IQ = seq(mu-45, mu+45, 1)

par(mar=c(4,2,0,0))  
plot(IQ, dnorm(IQ, mean = mu, sd = sigma), type='l', col="red")

n.samples = 12

for(i in 1:n.samples) {
  
  par(mar=c(2,2,0,0))  
  hist(rnorm(n, mu, sigma), main="", cex.axis=.5, col="red")
  
}

F-statistic

\[F = \frac{{MS}_{model}}{{MS}_{error}} = \frac{{SIGNAL}}{{NOISE}}\]
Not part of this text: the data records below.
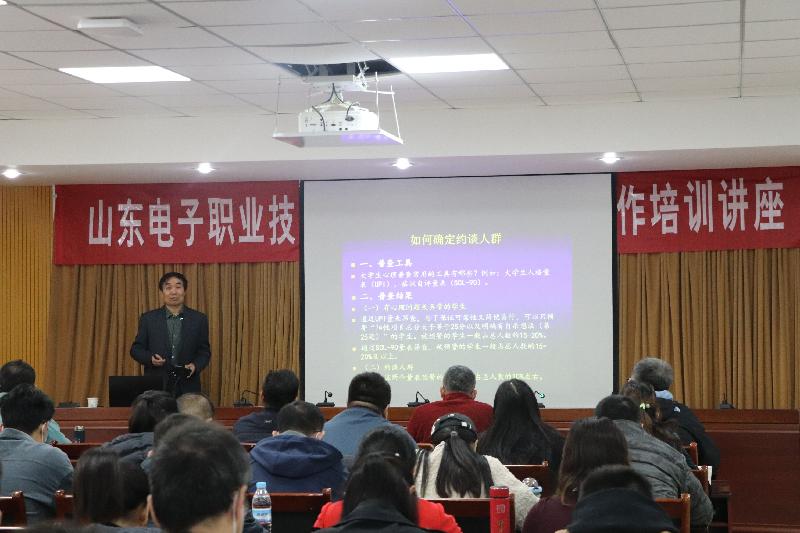 为深入学习宣传贯彻党的二十大精神,切实提升学校学生工作队伍素质能力和育人水平,11月9日上午,学校组织开展心理健康教育工作专题培训,聊城大学赵富才教授应邀担任培训主讲,各系党、团总支书记,全校辅导员、兼职班主任代表及学生工作处全体人员参加了培训。培训由学生工作处副处长王佩主持。
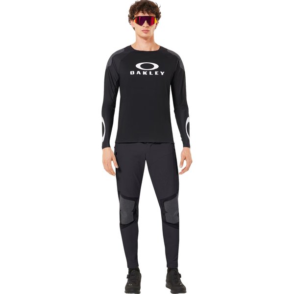 Stylowy wygląd koszulki podkreślają detale, takie jak trójwymiarowe logo Oakley Bark na klatce piersiowej oraz charakterystyczne logo Oakley Ellipse na nadgarstkach. Te estetyczne akcenty dodają nie tylko elegancji, ale także pozwalają dumnie zaznaczyć swoją przynależność do społeczności miłośników tej marki. Zasadnicze znaczenie ma również wygoda użytkowania, którą gwarantuje klejony kołnierz, mankiety i dół koszulki. Wydłużony tył zapewnia lepsze dopasowanie podczas jazdy, chroniąc plecy nawet w najbardziej dynamicznych pozycjach. Regularny krój i elastyczny materiał pozwalają na pełną swobodę ruchów, co jest nieocenione podczas pokonywania wymagających tras.
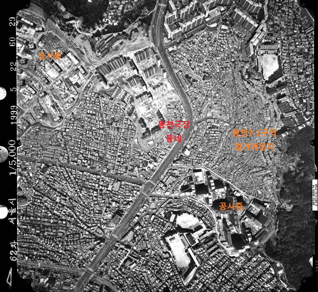 큰길 건너 현대아파트(봉천 1 구역, 92년 입주)를 제외하면, 나머지 '봉천 신도시' 아파트들 중에선 우리 아파트가 간발의 차이로 먼저 입주한 아파트였다. 그랬기에 막바지 공사 현장, 철거지 현장에 대한 기억은 물론이고 '봉천동 달동네'를 상징하는, 아직 철거가 되지 않았던 마지막 판잣촌의 기억도 있다. 물론 나는 우리가 살고 있는 '새 아파트'가 서 있는 땅 역시 이전에는 그와 똑같은 판자촌이었다는 사실은 전혀 알지 못했다.
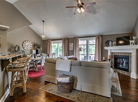 Beautifully landscaped 4 bedroom home in Liberty public school district! Walk in & feel the spacious vaulted ceiling! Kitchen boasts granite countertops, stainless steel appliances & pantry! Hardwood floors throughout main living space! Relax outside on your deck w/pergola overlooking HUGE back yard! Master bedroom features his/her closets with one being a large walk-in! Guest bedrooms have walk-in closets too! Add'l bonus space in garage makes great workout area or provides extra storage!
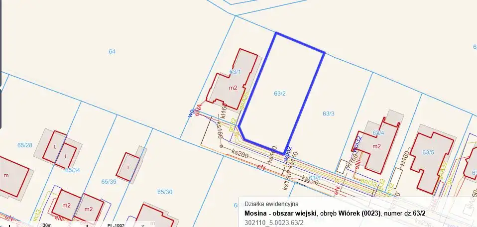 powierzchnia zabudowy: do 30 % powierzchni działki. Usytuowana na prawo od domu nr 22 mniej więcej do brzozy.
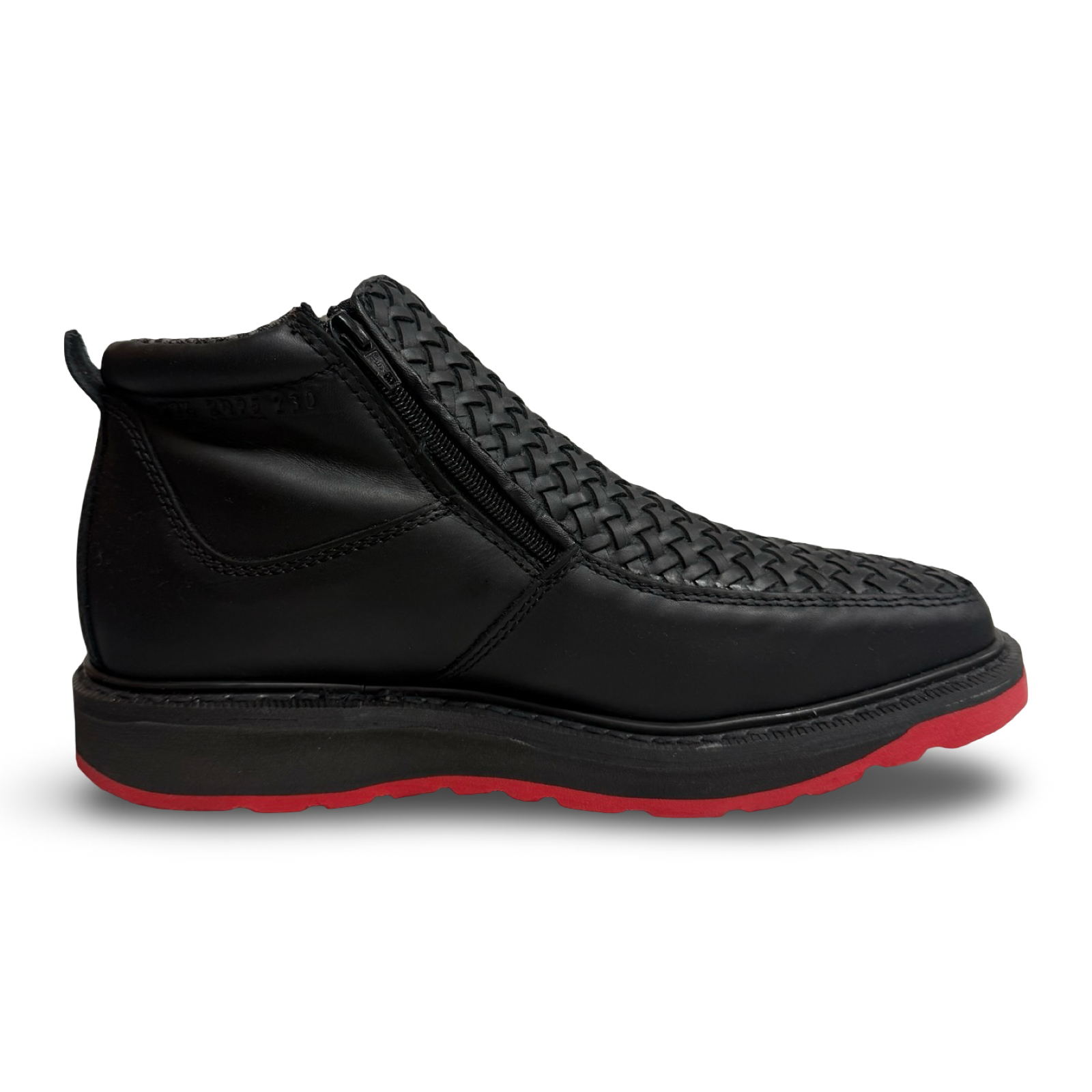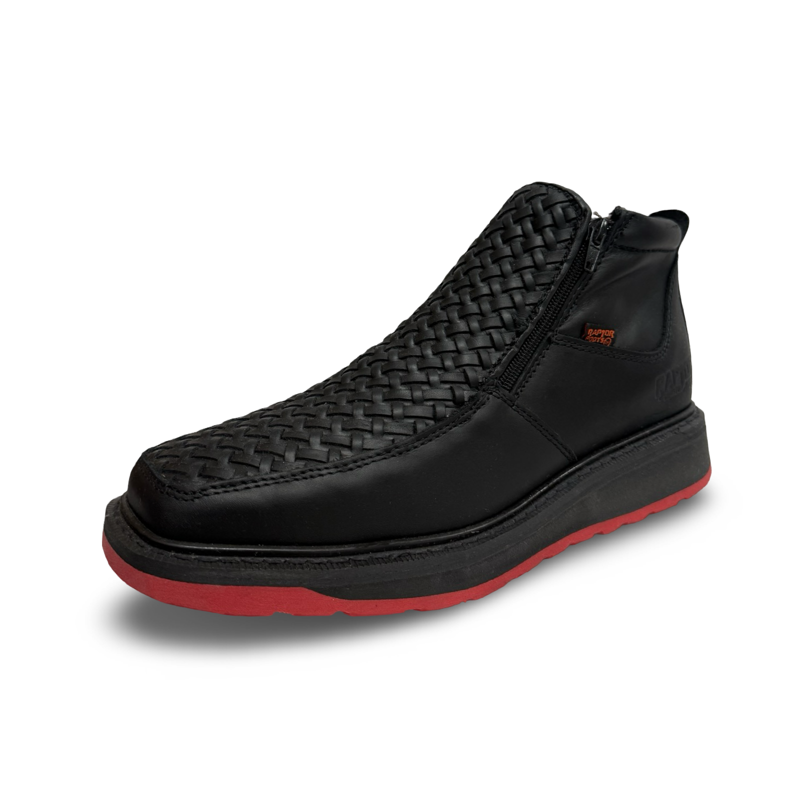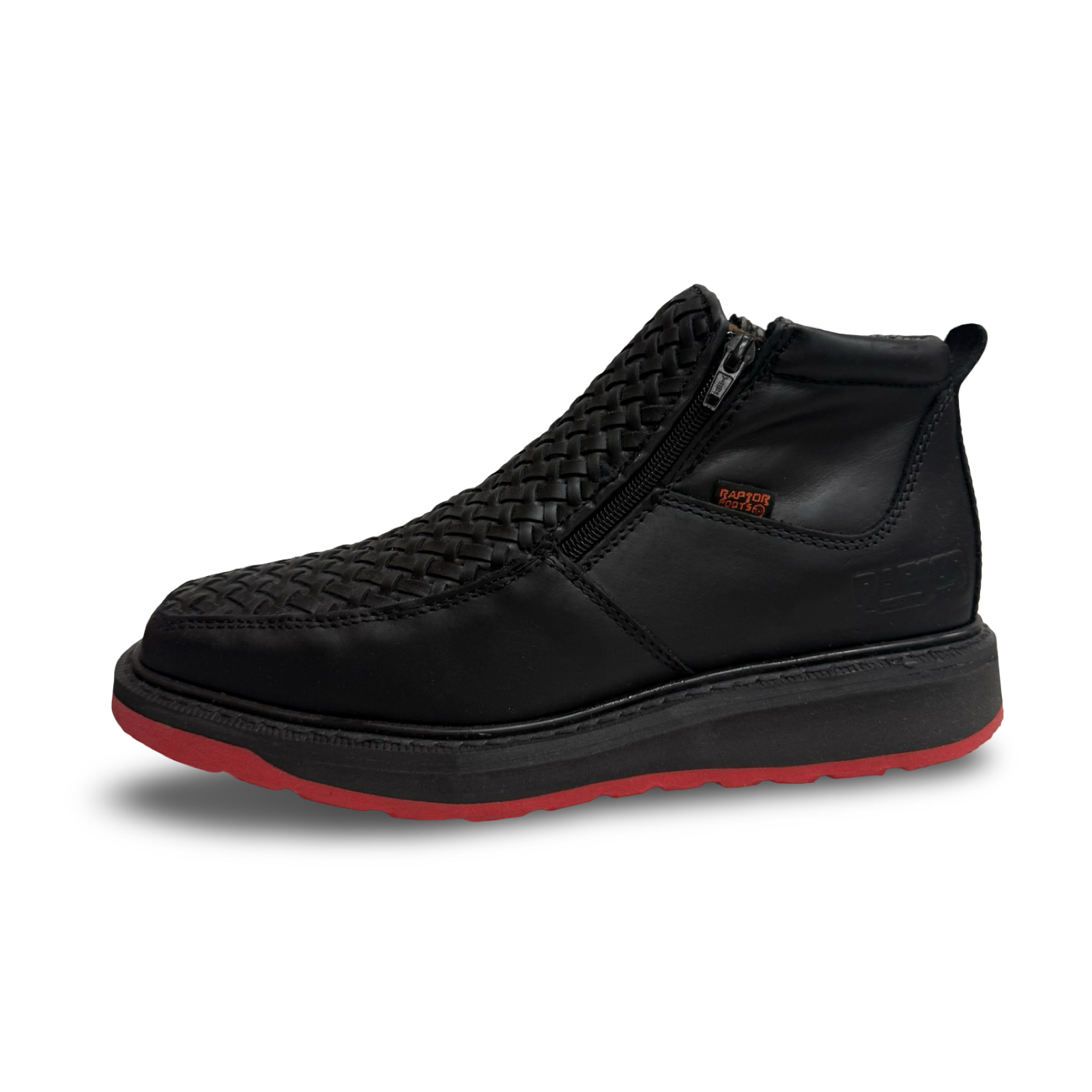 Crafted from premium black woven leather, these Raptor shoes feature a bold red outsole that delivers both style and performance. Designed for all-day comfort, they offer a soft, supportive fit and an anti-slip sole that provides secure traction on every step. Perfect for those who want durability, comfort, and standout design in one pair.

So the \(F\)-statistic represents a signal to noise ratio by deviding the model variance component by the error variance component.

A samples

Let’s take two sample from our normal populatiion and calculate the F-value.

x.1 = rnorm(n, mu, sigma)
x.2 = rnorm(n, mu, sigma)

data <- data.frame(group = rep(c("s1", "s2"), each=n), score = c(x.1,x.2))
    
F = summary(aov(lm(score ~ group, data)))[[1]]$F[1]
F
[1] 1.692487

More samples

let’s take more samples and calculate the F-value every time.

n.samples = 1000

f.values = vector()

for(i in 1:n.samples) {
  
  x.1 = rnorm(n, mu, sigma); x.1
  x.2 = rnorm(n, mu, sigma); x.2

  data <- data.frame(group = rep(c("s1", "s2"), each=n), score = c(x.1,x.2))
    
  f.values[i] = summary(aov(lm(score ~ group, data)))[[1]]$F[1]

}

k = 2
N = 2*n

df.model = k - 1
df.error = N - k

hist(f.values, freq = FALSE, main="F-values", breaks=100)
F = seq(0, 6, .01)
lines(F, df(F,df.model, df.error), col = "red")

F-distribution

So if the population is normaly distributed (assumption of normality) the f-distribution represents the signal to noise ration given a certain number of samples (\({df}_{model} = k - 1\)) and sample size (\({df}_{error} = N - k\)).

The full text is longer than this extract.